Task requirements:
The lines from the beginning of the records below through the one holding "MOZE 高端商务黑色真皮活页本牛皮记事本笔记本文具a5复古日记本" are to be copied exactly; leave the pictures out.

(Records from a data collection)
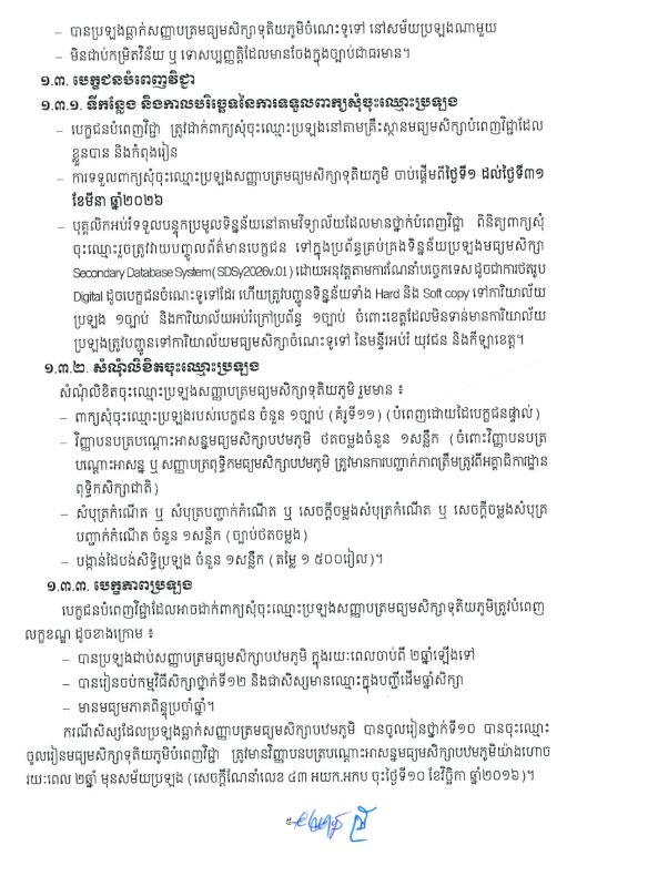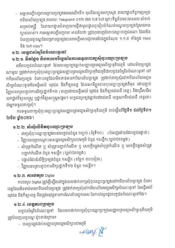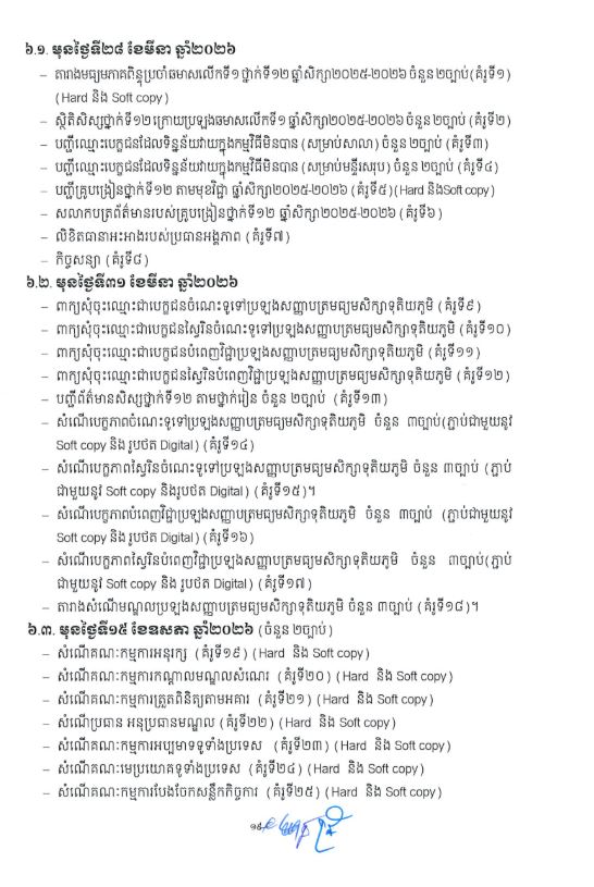 | ក្រសួងអប់រំ ចេញសេចក្តីណែនាំស្តីពីការរៀបចំ និងការប្រព្រឹត្តទៅនៃការប្រឡងសញ្ញាបត្រមធ្យមសិក្សាទុតិយភូមិសម្រាប់ឆ្នាំសិក្សា ២០២៥-២០២៦ |
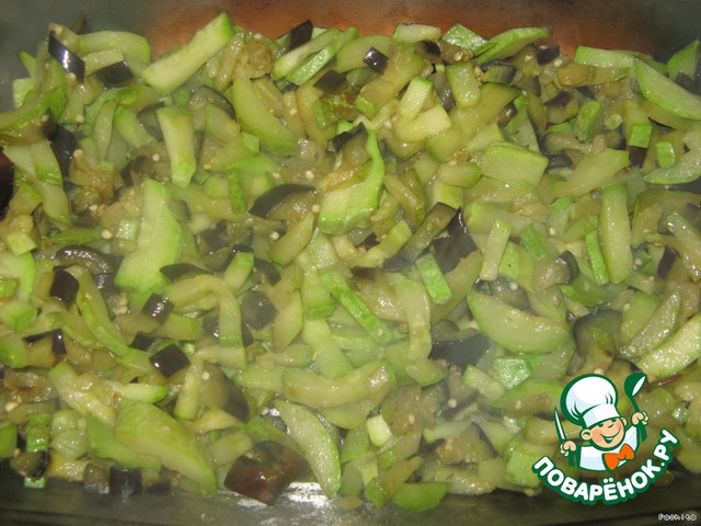 Кабачки и баклажаны нарезать брусочками и обжарить на растительном масле, посолить. Выложить в огнеупорную форму.
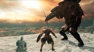 - Если возникли сложности с усиленными Железными воинами (идолы излечивают воинов), то можно их обойти: достаточно идти, упираясь в стену арены, на которой происходит бой с боссом. В этом случае они не реагируют на игрока и не вылезают из пепла, поэтому таким способом удобно добираться к костру (и от него) или уничтожать идолов без схватки с их защитниками.
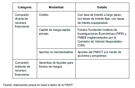 La principal línea de crédito de la FINEP es el Programa Innova Brasil, a través del cual se ofrece financiamiento a tasas inferiores a las del mercado tomando como referencia la tasa de interés a largo plazo. El fondeo del programa surge de recursos del FNDCT, del FAT y recursos propios derivados de los resultados de sus aplicaciones financieras. Si bien opera en la práctica como un banco de primer piso, al no serlo en términos estatutarios no dispone de recursos propios —más allá de los resultados de sus aplicaciones financieras— para lo cual debe recurrir a fuentes adicionales tal es el caso de los préstamos del BNDES (del programa PSI). Esto significa que la FINEP presenta dificultades para sostener en el tiempo sus diversas líneas de crédito, lo que deriva en la discontinuidad de diversos programas, como por ejemplo la línea de crédito “Juro Zero” (tasa cero), creada en 2005 para atender las demandas crediticias del segmento de empresas PyMEs.
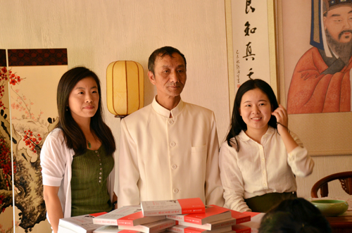 随后,传承人代表陈祥源、教师代表李飒、学生代表舒华三方揭幕、合影,并举行了新书赠书仪式。仪式后,余姚莲花文书传承人卢后和老师带来的《刘玉英借花银》赢得了满堂喝彩,到场的两位外教也赞不绝口。
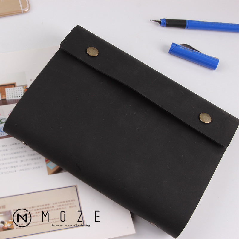 MOZE 高端商务黑色真皮活页本牛皮记事本笔记本文具a5复古日记本
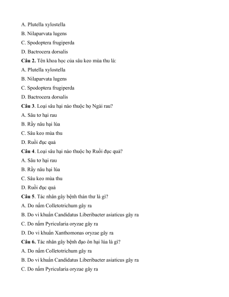 Câu 1. Tên khoa học của sâu tơ hại rau là:
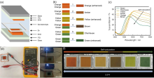 电致变色层(EC)也是PECD的核心单元之一。近些年随着对EC层的不断优化, 研究者们探索出另一个有效优化器件变色性能的方向。最早使用的EC材料为非晶态WO3, 通过外加偏压与阳离子嵌脱能在白色/蓝色间实现平稳地漂白/着色, 是绝大多数PECD使用的EC材料。但WO3在进行高通量离子嵌脱时会产生深度离子捕获, 体积相变等问题影响循环稳定性与可逆程度[51, 52]。除此之外, 一些功能性的需求也使得其他变色材料如普鲁士蓝(prussian blue, PB)、钒氧化物、氧化镍等受到广泛关注。2020年, LI等[53]介绍了一种以Zn网格为阳极、以PB为阴极的电致变色设备, 并引用K+/Zn2+作为电解质体系, 在此基础上使用PV作为外部供能器件, 虽未能实现光伏器件与电致变色设备一体化, 但是得到了具有优异CE与ST的器件。同年, ZHANG等[54]通过引用钒氧化物作为EC阴极实现了电池的三色转换, 同时通过颜色堆叠层实现多重变色(图5), 该设备在不同偏置下能表现出六种不同着色, 并拥有20%的对比度。SUN等[55]则设计了具有荧光调制发射功能的电致变色器件。器件能在紫外光的激发下呈现不同的变色现象, 放电过程进行时, 器件最终转变为蓝色并使荧光发射变弱直至淬灭, 光充电的过程则使荧光调制能力恢复。应该指出的是, 这些功能性的电致变色设备并未能实现与PV设备的一体化, 但其更多地展示了光电致变色器件在功能性的拓展, 也揭示了光伏智能窗更多元的发展方向。除了无机电致变色材料, 一些有机变色材料如PANI、PEDOT等也占据EC材料研究领域的重要部分, 并以其成本低廉、合成简单等优势吸引研究者们不断深入研究[56, 57]。
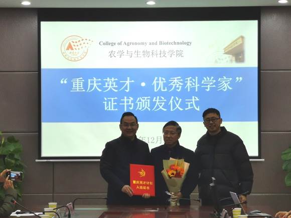 12月27日上午,学院在隆平楼108会议室为 “重庆英才·优秀科学家”获得者颁发证书,并举行了学院“隆平优秀教师”签约仪式。人力资源部部长王志坚、副部长明建、“重庆英才·优秀科学家”获得者何光华、“隆平优秀教师”人选及学院领导班子和学术委员会成员出席了仪式。仪式由学院党委书记阳义健主持。
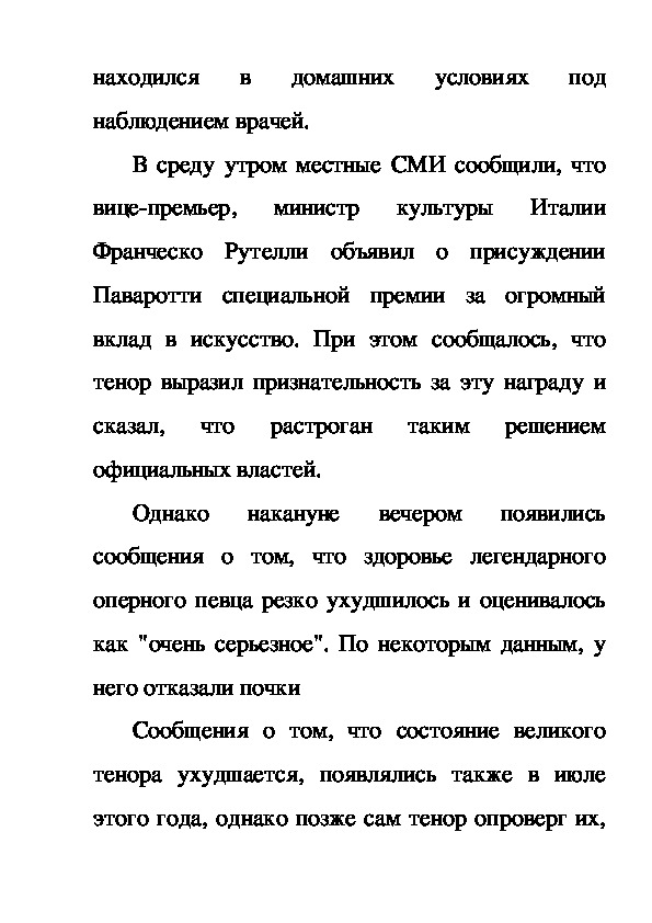 быть отпущен домой. После этого Павароттинаходился в домашних условиях под

Reply to the task:
 | ក្រសួងអប់រំ ចេញសេចក្តីណែនាំស្តីពីការរៀបចំ និងការប្រព្រឹត្តទៅនៃការប្រឡងសញ្ញាបត្រមធ្យមសិក្សាទុតិយភូមិសម្រាប់ឆ្នាំសិក្សា ២០២៥-២០២៦ |
 Кабачки и баклажаны нарезать брусочками и обжарить на растительном масле, посолить. Выложить в огнеупорную форму.
 - Если возникли сложности с усиленными Железными воинами (идолы излечивают воинов), то можно их обойти: достаточно идти, упираясь в стену арены, на которой происходит бой с боссом. В этом случае они не реагируют на игрока и не вылезают из пепла, поэтому таким способом удобно добираться к костру (и от него) или уничтожать идолов без схватки с их защитниками.
 La principal línea de crédito de la FINEP es el Programa Innova Brasil, a través del cual se ofrece financiamiento a tasas inferiores a las del mercado tomando como referencia la tasa de interés a largo plazo. El fondeo del programa surge de recursos del FNDCT, del FAT y recursos propios derivados de los resultados de sus aplicaciones financieras. Si bien opera en la práctica como un banco de primer piso, al no serlo en términos estatutarios no dispone de recursos propios —más allá de los resultados de sus aplicaciones financieras— para lo cual debe recurrir a fuentes adicionales tal es el caso de los préstamos del BNDES (del programa PSI). Esto significa que la FINEP presenta dificultades para sostener en el tiempo sus diversas líneas de crédito, lo que deriva en la discontinuidad de diversos programas, como por ejemplo la línea de crédito “Juro Zero” (tasa cero), creada en 2005 para atender las demandas crediticias del segmento de empresas PyMEs.
 随后,传承人代表陈祥源、教师代表李飒、学生代表舒华三方揭幕、合影,并举行了新书赠书仪式。仪式后,余姚莲花文书传承人卢后和老师带来的《刘玉英借花银》赢得了满堂喝彩,到场的两位外教也赞不绝口。
 MOZE 高端商务黑色真皮活页本牛皮记事本笔记本文具a5复古日记本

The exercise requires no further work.